Darwin conta, por exemplo, que as minhocas não têm órgãos respiratórios e, por isso, respiram pela pele. Relata experimentos com luz para testar sua sensibilidade, já que são desprovidas de olhos, e descobre que elas são afetadas pela intensidade e pela duração da luminosidade oferecida. Segundo Darwin, é também por meio da pele que a luz estimula os gânglios cerebrais destes animais.

Em nome da ciência, um dos maiores naturalistas da história do mundo tocou piano para minhocas. Dispôs os vasos experimentais numa mesa junto às teclas do instrumento e as apertou com toda a força, mas as bichinhas se mostraram inabaláveis. A coisa mudou de figura, no entanto, quando os vasos migraram para cima do piano e o dó grave foi pressionado —todas recuaram para dentro das galerias.

Para testar o olfato das minhocas, Darwin bafejou sobre elas tabaco, perfume e ácido, e enterrou fundo nos vasos folhas de repolho e cebola. Ainda no campo dos alimentos, descobriu as preferências dos animais, onívoros por natureza. Prendeu pedaços de carne crua e assada na superfície dos vasos e anotou: “Era possível observar as minhocas dando puxões na carne e abocanhando-a”. Também entendeu que elas são canibais, porque viu duas metades de uma minhoca morta serem arrastadas para dentro dos canais e devoradas na sequência.

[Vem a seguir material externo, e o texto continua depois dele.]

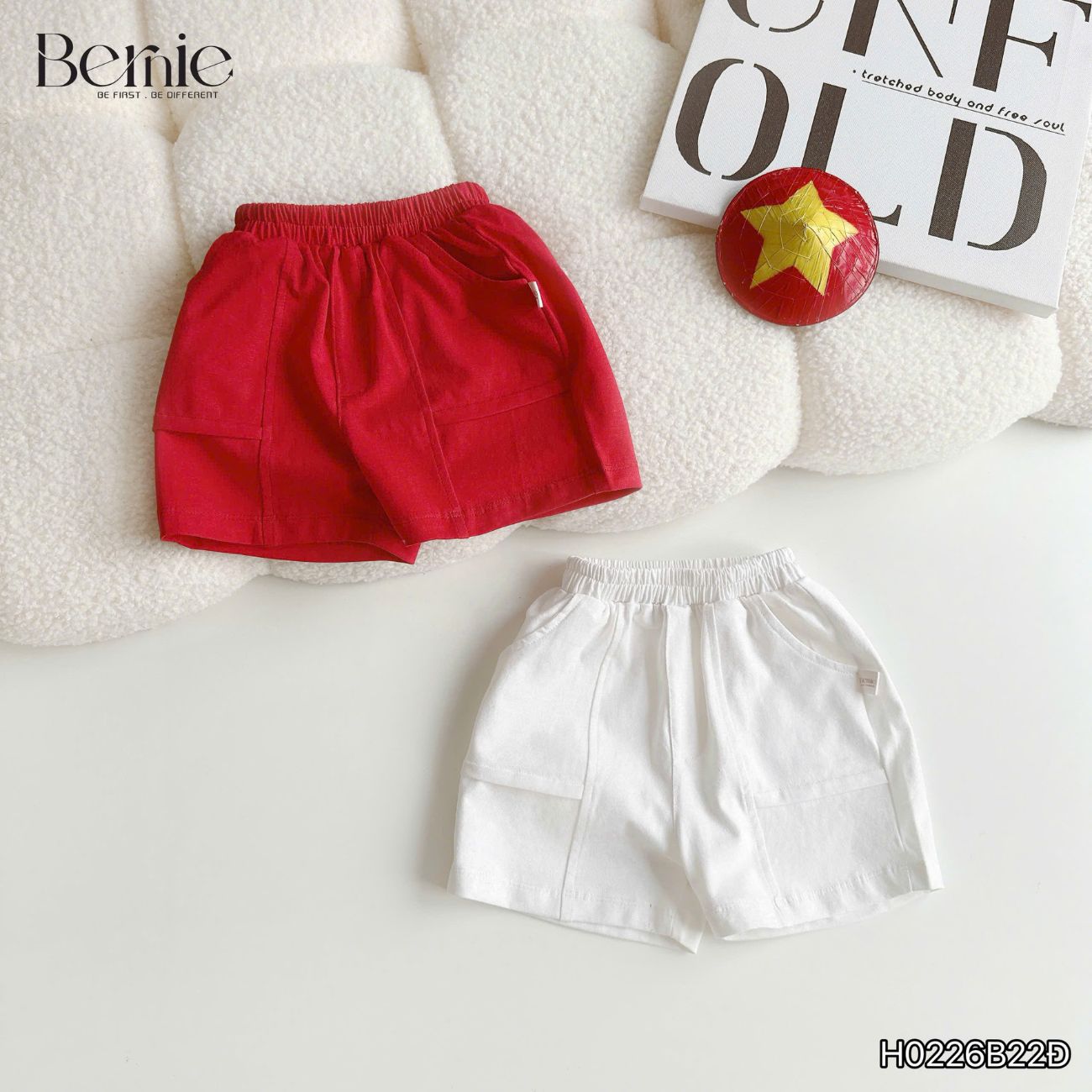 - Màu sắc : Set bộ cộc tay cho bé trai họa tiết Cờ đỏ sao vàng kèm quần short kaki từ 9 đến 28kg BERNIE có 2 màu nổi bật là Áo đỏ / áo trắng phối chữ đỏ vàng và Quần đỏ / quần trắng mix cực nổi

O instinto que mais surpreendeu Darwin foi o de tapar as entradas das galerias com diversos objetos, coisa que mesmo os indivíduos muito jovens já fazem. As folhas são sempre a primeira escolha, mas também servem pecíolos de diversos tipos, pedúnculos florais, gravetos em decomposição, pedaços de papel, penas, tufos de lã e fios de crina de cavalo. Se não conseguem nada disso, as minhocas apelam para as pedras.

Elas também têm noção do formato dos objetos, o que permite que julguem qual a melhor maneira de arrastá-los —neste ponto do livro, é comovente a análise detalhada do pesquisador sobre as partes das folhas nas quais as minhocas preferem se segurar até conseguir puxá-las de um lado para o outro.

Valioso, “A Formação da Terra Vegetal pela Ação das Minhocas…” é um mergulho profundo no comportamento e na cognição de seres cujos efeitos no planeta são sentidos a toda hora, mas raramente reconhecidos. Para Darwin, é questionável se haveria animais com papel tão importante quanto o das minhocas na natureza —os corais, ele diz, poderiam até chegar perto caso não vivessem quase que totalmente restritos às zonas tropicais.